> **Input data**
%%
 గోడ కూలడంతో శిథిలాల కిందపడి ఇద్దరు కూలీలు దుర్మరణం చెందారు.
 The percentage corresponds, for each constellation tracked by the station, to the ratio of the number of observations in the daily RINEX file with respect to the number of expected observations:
%%
%%
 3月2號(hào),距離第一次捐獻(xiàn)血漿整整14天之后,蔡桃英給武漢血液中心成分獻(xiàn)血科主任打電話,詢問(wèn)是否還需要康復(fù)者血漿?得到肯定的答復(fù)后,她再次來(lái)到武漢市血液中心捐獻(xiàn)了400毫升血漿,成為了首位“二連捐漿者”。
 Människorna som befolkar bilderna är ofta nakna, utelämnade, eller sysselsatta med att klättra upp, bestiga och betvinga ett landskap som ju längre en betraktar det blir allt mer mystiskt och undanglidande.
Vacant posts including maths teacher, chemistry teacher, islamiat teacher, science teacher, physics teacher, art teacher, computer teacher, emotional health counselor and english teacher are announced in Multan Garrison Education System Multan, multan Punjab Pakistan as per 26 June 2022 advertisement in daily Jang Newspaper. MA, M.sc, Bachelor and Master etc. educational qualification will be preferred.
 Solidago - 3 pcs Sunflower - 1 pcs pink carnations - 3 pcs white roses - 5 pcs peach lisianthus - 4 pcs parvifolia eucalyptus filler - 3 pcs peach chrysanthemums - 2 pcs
%%
> **Instructions to follow**
Word for word, restate the lines of the data above that fall between the line holding "గోడ కూలడంతో శిథిలాల" and the line holding "The percentage corresponds, for", inclusive, and no other lines.

> **Answer for this exercise**
 గోడ కూలడంతో శిథిలాల కిందపడి ఇద్దరు కూలీలు దుర్మరణం చెందారు.
 The percentage corresponds, for each constellation tracked by the station, to the ratio of the number of observations in the daily RINEX file with respect to the number of expected observations:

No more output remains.